> Directions
From the line with "Unser Produkt aus" to the line with "Horse Area Features: Electric", retype each line exactly as it stands in the records below, but skip the pictures.

> Material provided
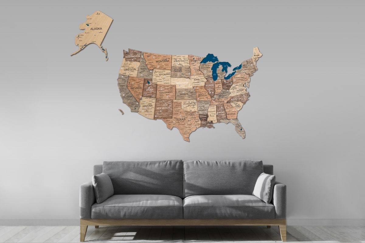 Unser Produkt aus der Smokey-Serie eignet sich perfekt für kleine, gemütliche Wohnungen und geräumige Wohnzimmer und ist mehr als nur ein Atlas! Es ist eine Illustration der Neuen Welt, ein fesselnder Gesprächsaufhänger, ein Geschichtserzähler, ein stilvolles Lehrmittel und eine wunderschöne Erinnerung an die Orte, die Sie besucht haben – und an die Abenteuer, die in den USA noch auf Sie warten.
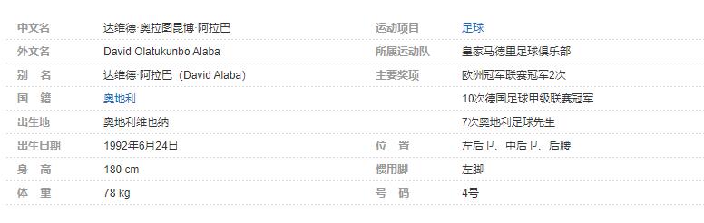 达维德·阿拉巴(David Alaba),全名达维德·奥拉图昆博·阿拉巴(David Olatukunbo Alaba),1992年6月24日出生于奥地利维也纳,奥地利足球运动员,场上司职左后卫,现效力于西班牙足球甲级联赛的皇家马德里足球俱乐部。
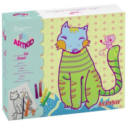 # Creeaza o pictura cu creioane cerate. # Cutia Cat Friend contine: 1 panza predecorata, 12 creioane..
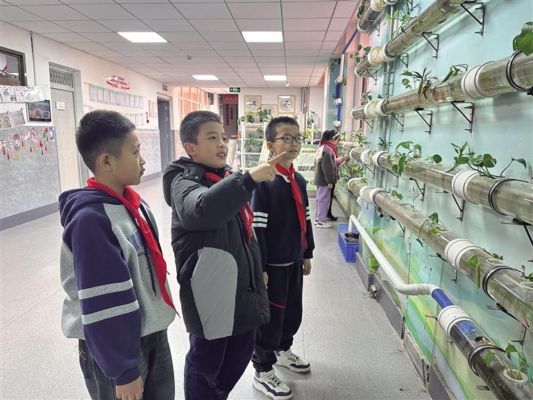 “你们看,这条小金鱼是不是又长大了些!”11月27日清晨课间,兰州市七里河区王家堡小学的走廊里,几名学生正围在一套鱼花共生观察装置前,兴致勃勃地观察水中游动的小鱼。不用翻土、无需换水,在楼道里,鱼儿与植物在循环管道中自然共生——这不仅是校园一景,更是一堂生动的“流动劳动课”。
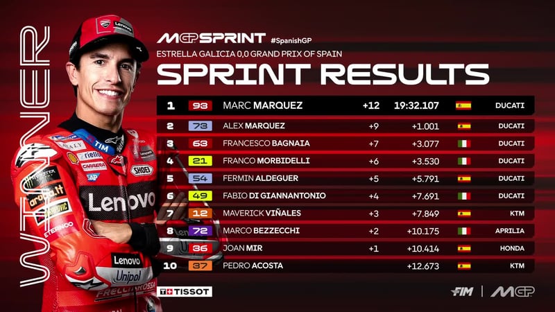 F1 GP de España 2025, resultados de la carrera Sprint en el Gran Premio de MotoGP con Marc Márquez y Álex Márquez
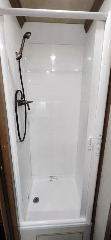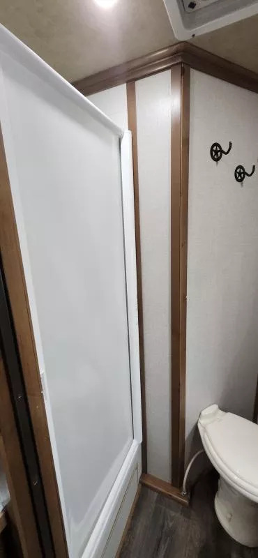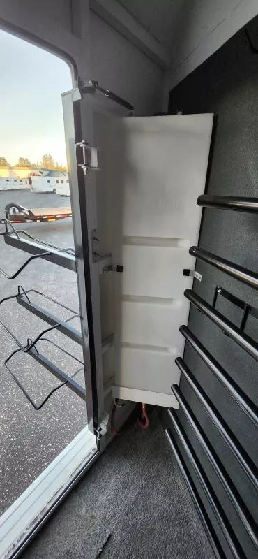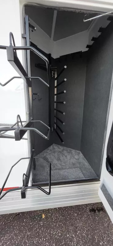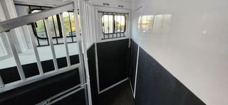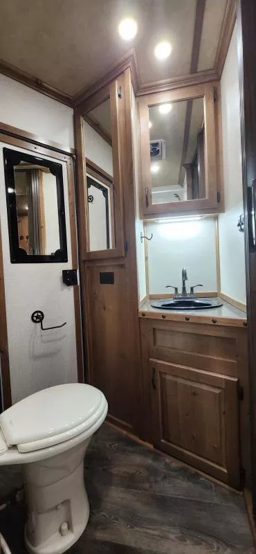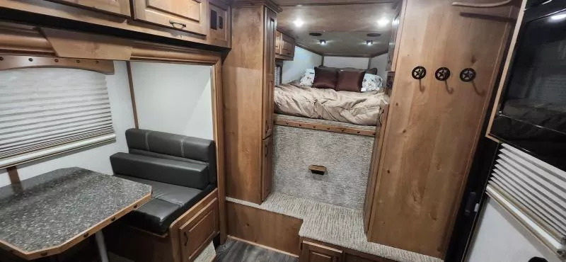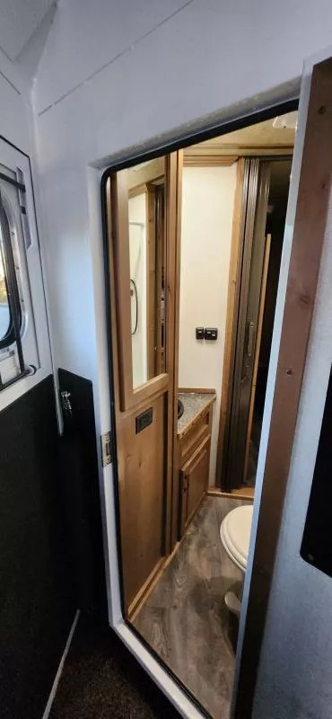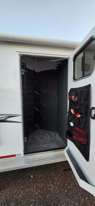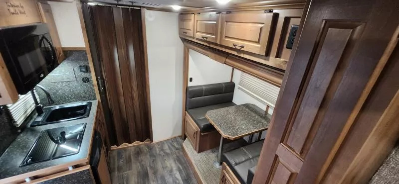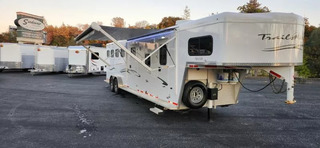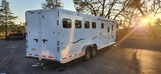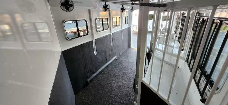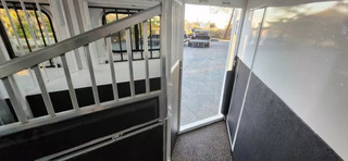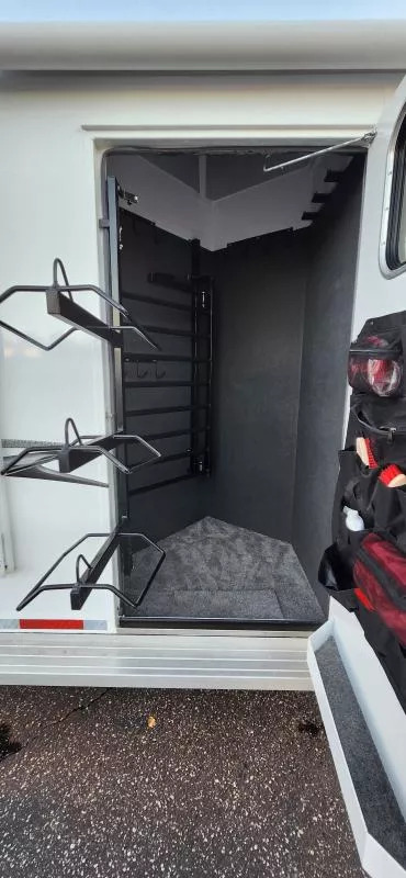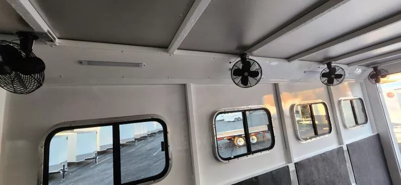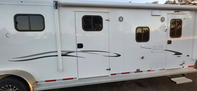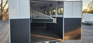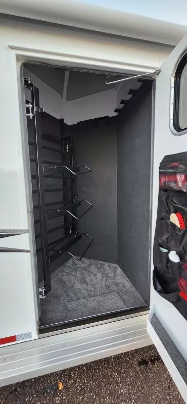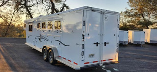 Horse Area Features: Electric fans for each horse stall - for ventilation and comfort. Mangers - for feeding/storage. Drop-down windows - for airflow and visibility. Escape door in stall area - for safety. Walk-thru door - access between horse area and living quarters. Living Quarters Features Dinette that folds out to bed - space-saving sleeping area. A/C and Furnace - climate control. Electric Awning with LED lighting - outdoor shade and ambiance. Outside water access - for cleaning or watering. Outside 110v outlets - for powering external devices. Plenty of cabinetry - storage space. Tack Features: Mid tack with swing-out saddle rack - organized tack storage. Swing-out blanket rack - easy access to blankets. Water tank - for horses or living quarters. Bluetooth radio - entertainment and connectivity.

==

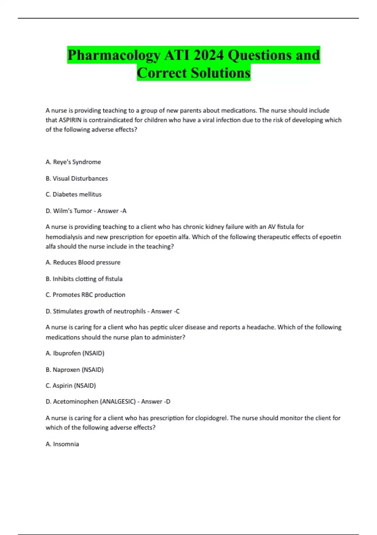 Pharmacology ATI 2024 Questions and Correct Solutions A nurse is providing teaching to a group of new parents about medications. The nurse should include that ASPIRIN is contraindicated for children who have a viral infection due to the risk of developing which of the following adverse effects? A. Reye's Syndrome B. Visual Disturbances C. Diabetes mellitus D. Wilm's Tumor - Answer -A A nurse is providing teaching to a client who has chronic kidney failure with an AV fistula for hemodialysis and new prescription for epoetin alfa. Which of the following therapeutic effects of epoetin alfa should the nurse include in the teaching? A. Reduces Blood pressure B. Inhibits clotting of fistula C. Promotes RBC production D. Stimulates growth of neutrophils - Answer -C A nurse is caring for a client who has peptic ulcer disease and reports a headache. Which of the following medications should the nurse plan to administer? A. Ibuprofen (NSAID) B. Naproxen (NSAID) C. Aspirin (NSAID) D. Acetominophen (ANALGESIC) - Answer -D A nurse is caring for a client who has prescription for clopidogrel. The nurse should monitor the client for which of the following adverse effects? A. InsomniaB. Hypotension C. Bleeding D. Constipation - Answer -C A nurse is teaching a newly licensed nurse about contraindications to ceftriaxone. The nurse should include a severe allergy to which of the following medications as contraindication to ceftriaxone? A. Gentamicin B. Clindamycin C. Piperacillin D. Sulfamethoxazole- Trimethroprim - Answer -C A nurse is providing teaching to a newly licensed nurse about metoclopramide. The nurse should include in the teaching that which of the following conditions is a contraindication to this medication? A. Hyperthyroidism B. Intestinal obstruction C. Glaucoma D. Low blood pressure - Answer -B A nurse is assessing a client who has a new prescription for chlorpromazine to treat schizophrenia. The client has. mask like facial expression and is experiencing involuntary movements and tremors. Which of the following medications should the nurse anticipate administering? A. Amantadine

> Task output
 Unser Produkt aus der Smokey-Serie eignet sich perfekt für kleine, gemütliche Wohnungen und geräumige Wohnzimmer und ist mehr als nur ein Atlas! Es ist eine Illustration der Neuen Welt, ein fesselnder Gesprächsaufhänger, ein Geschichtserzähler, ein stilvolles Lehrmittel und eine wunderschöne Erinnerung an die Orte, die Sie besucht haben – und an die Abenteuer, die in den USA noch auf Sie warten.
 达维德·阿拉巴(David Alaba),全名达维德·奥拉图昆博·阿拉巴(David Olatukunbo Alaba),1992年6月24日出生于奥地利维也纳,奥地利足球运动员,场上司职左后卫,现效力于西班牙足球甲级联赛的皇家马德里足球俱乐部。
 # Creeaza o pictura cu creioane cerate. # Cutia Cat Friend contine: 1 panza predecorata, 12 creioane..
 “你们看,这条小金鱼是不是又长大了些!”11月27日清晨课间,兰州市七里河区王家堡小学的走廊里,几名学生正围在一套鱼花共生观察装置前,兴致勃勃地观察水中游动的小鱼。不用翻土、无需换水,在楼道里,鱼儿与植物在循环管道中自然共生——这不仅是校园一景,更是一堂生动的“流动劳动课”。
 F1 GP de España 2025, resultados de la carrera Sprint en el Gran Premio de MotoGP con Marc Márquez y Álex Márquez
 Horse Area Features: Electric fans for each horse stall - for ventilation and comfort. Mangers - for feeding/storage. Drop-down windows - for airflow and visibility. Escape door in stall area - for safety. Walk-thru door - access between horse area and living quarters. Living Quarters Features Dinette that folds out to bed - space-saving sleeping area. A/C and Furnace - climate control. Electric Awning with LED lighting - outdoor shade and ambiance. Outside water access - for cleaning or watering. Outside 110v outlets - for powering external devices. Plenty of cabinetry - storage space. Tack Features: Mid tack with swing-out saddle rack - organized tack storage. Swing-out blanket rack - easy access to blankets. Water tank - for horses or living quarters. Bluetooth radio - entertainment and connectivity.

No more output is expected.